There’s disappointment from all sides of the industry about the lag to get the Real-Time Rail payments system running. That’s what audience members at the Payments Canada Summit heard Ron Morrow, an executive at the Bank of Canada responsible for payments oversight, say Thursday.

FinTechs seeking access to RTR—once it’s live for industry testing in 2026—have to register in November with the central bank, which will supervise the companies’ regulatory compliance under the Retail Payments Activities Act.

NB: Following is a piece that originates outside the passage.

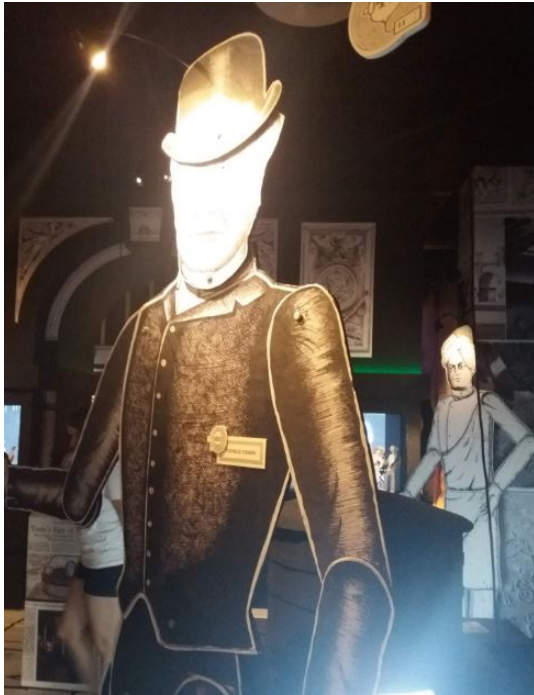
A kiállítás – már csak egy hónapig

Az utóbbi időben sokat olvasni mostanában gyorsan fejlődő technológiákról, mint a mesterséges intelligencia vagy a blockchain, és különböző iparágak reformjáról a digitalizációnak és az automatizációnak köszönhetően. Mégis megdöbbenett és elgondolkodtatott a Tesla kiállítás, amit tegnap láttam a Tesla Budapest Kulturális Központban, a 7. kerületi Kazinczy utcában.

In an interview after his speech, Morrow said he’s heard from other jurisdictions that “sometimes” FinTechs aren’t used to being regulated and he’s not entirely sure what to expect come registration time, but he’s “hopeful that we’ve laid enough groundwork for folks on this.”

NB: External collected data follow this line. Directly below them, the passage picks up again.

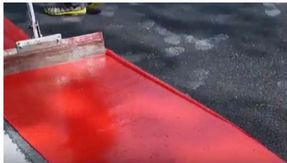
เทคอมพาวด์เหลว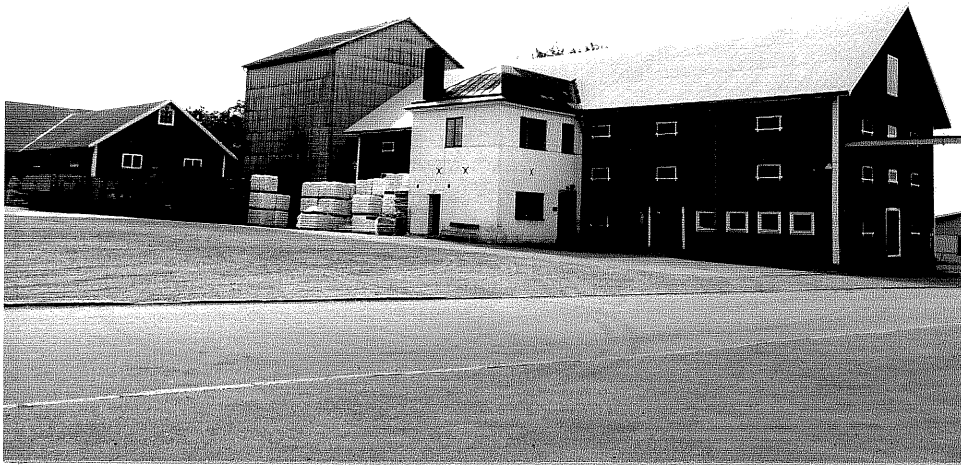
Neg. nr. V.T 04:2 Magasin mot norr

Ödeshögs kommun V:a Tollstad socken Hästholmen Hallegården Hamngatan 31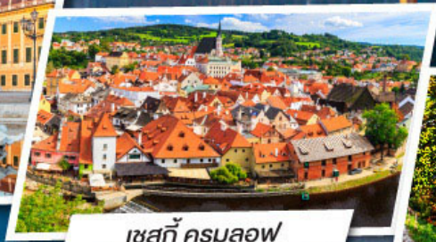
เซสกี ครุมลอฟ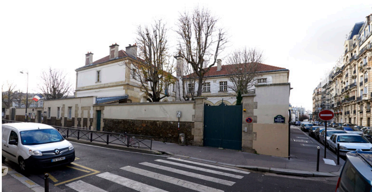
Vue de l'angle de la rue Boulard et de la rue Charles Divry.

The “real concern” though, Borrowell CEO Andrew Graham said, is that payments modernization “is so far behind schedule.” RTR was supposed to go live in 2019. “Without that in place, many FinTechs may simply opt to wait, calculating that the benefit to being regulated isn’t worth the cost,” Graham told me.

For years, the Bank of Canada has been advising these companies to “be ready” for regulatory change, while FinTechs have been saying they’re ready. Morrow acknowledged the mounting frustration for companies that have seen the system delayed many times, but said “what’s important now is that we move with as much experience as possible.”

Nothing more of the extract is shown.